DCBV: Briefly, can you share a few of the major housing issues facing low-income D.C. residents—and what a lawyer can do to help?
KJ: One major issue that low-income D.C. residents face is the threatened or actual termination of their federally funded Section 8 vouchers and related rent support, which usually results in a suit for possession for nonpayment of rent filed by their landlord. While D.C. residents in the Section 8 program are required to recertify their eligibility every year, they often never receive notices of recertification meetings with the housing authority.
Similarly, they often fail to receive notices of alleged deficiencies (i.e., missing documents) in the hefty recertification packets they are required to file. In litigating these cases, however, one often finds only drafts of notices, or no notices, and no actual proof of mailing in DCHA’s files. Attorneys can represent low-income D.C. residents in suits seeking restoration of their Section 8 vouchers and the federal housing subsidy to which they are legally entitled, raising claims of lack of notice, lack of due process, and failure by the agency to follow its own regulations, thereby fending off the landlord’s possession suit until wrongfully terminated vouchers are restored.
A second major issue faced by low-income residents with disabilities is the loss of housing due to housing providers’ unlawful refusal to accommodate disabilities. Low-income residents are frequently denied or forced out of housing due to disabilities such as blindness or wheelchair use, and can benefit enormously from representation by an attorney willing to fight for their disabled clients’ right to have a home.
DCBV: What was the most rewarding pro bono experience you have had so far in your career? Do you have a most memorable client or matter, or any one client or matter that sticks with you?
KJ: Most of my pro bono clients and representations stick with me and have been very rewarding. I recently represented a young mother of an infant whose landlord sought to evict her on grounds that she allegedly repeatedly caused disruptions despite receiving a notice to correct her behavior or be evicted. Investigation revealed that an employee of the landlord had repeatedly, and unsuccessfully, propositioned her. He was also responsible for filing tenant infraction reports against her, alleging disruptions, which were largely fabricated.
Further, the landlord’s discovery responses failed to identify any alleged disruptions occurring between the end of a thirty-day statutorily required “correction period” set out in the landlord’s notice and the date the landlord initiated its suit for possession, providing grounds for granting summary judgment in favor of the client, and enabling her to continue to have housing, rather than live in a shelter, and to pursue a nursing degree.

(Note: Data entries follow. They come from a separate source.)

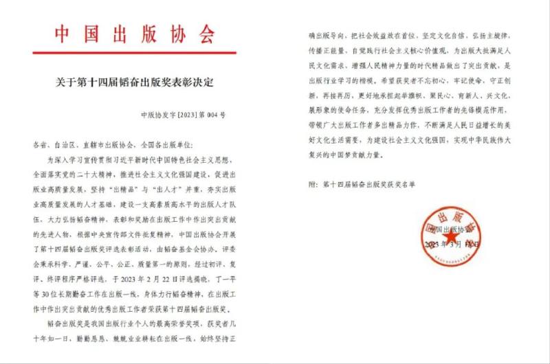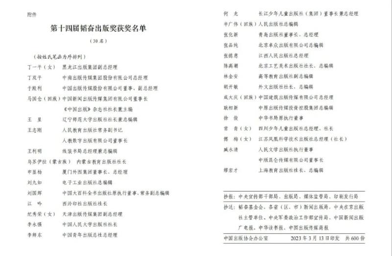 韬奋出版奖设立于1987年,是我国出版行业个人的最高荣誉奖项,由中国出版协会主办,韬奋基金会协办,每三年评选一次。本届韬奋出版奖评选经过初评、复评、终评等严格程序,于2023年2月22日评选揭晓。30名获奖者几十年如一日,勤勤恳恳、兢兢业业耕耘在出版一线,始终坚持正确出版导向,把社会效益放在首位,坚定文化自信,弘扬主旋律,传播正能量,自觉践行社会主义核心价值观,为出版大批满足人民文化需求,增强人民精神力量的时代精品作出了突出贡献,是出版行业学习的楷模。
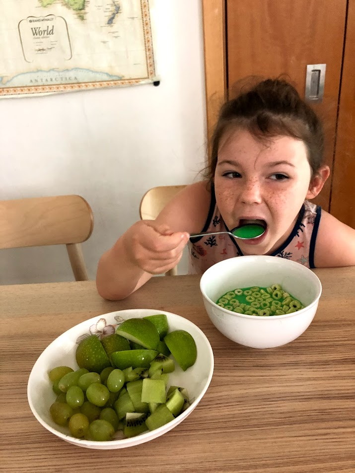 The girls wanted to do it again the next morning. Instead we talked about the importance of eating the whole rainbow.
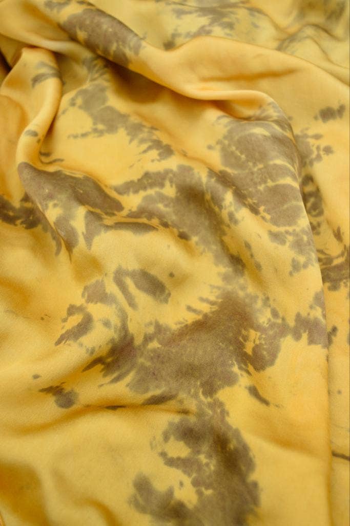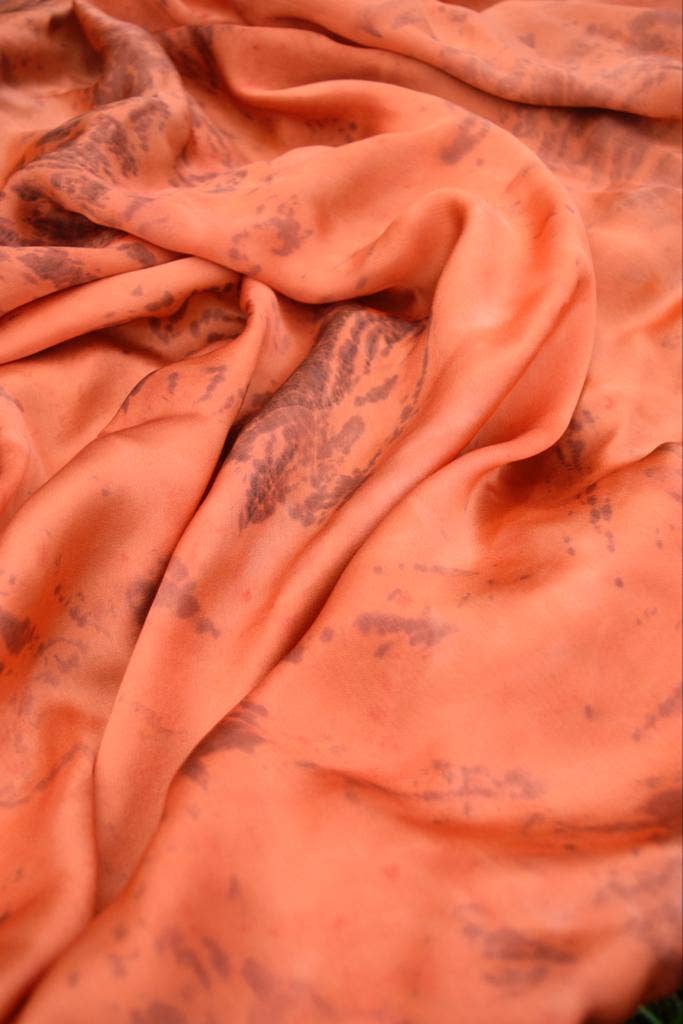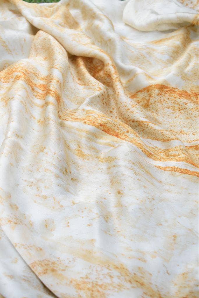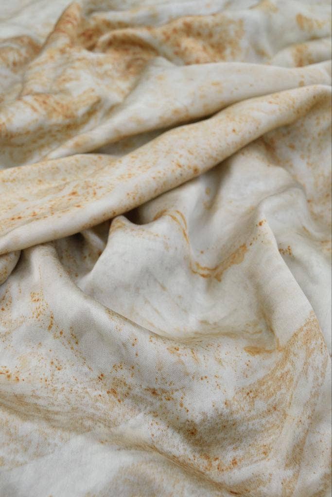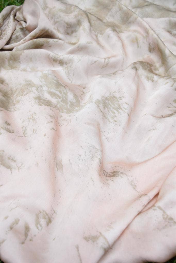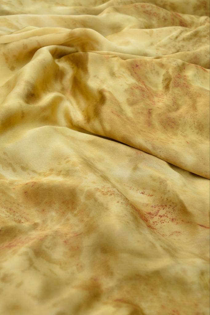 Sissell Gustavsen is a designer and Central Saint Martins graduate who explores the concept of wearable art through her collections. By using wellness practices through textiles, she unifies the relation between wearer and garment. Sissell Gustavsen is a sustainable brand focusing on handmade organic luxury silk scarves. Sissell Gustavsen values high quality and sustainable production without compromising on look. Creating sustainable and aesthetic pieces in an ethical way, Sissell Gustavsen is using biodegradable fabric and natural dyes. Focusing on craftsmanship, each scarf is handmade in a delicate process, where no fabric waste, chemicals or toxins are used. Sissell Gustavsen graduated from the prestigious design school Central Saint Martins in London. During her final year project, she discovered a new technique of eco-printing, using natural dye and rust. She developed this technique further after graduating, before starting her own brand of handmade organic silk scarves. All scarves are handmade from 100% organic peace silk satin. Peace silk is a sustainable and non-violent type of silk, that has been hand-spun in India after the silk moths have naturally left their cocoons. No types of pesticides are used in the silk production.

In a different area, law firm colleagues and I represented, and wrote the briefs for Mr. Dickerson, in United States v. Dickerson, in which the Supreme Court reaffirmed that Miranda warnings are constitutionally required, and which led to me appearing twice on MSNB’s show Equal Time to debate Col. Oliver North about the merits of Miranda warnings and the Supreme Court’s opinion reaffirming that they are constitutionally required. Both of these pro bono representations, and numerous others, have been immensely rewarding and continue to stick with me.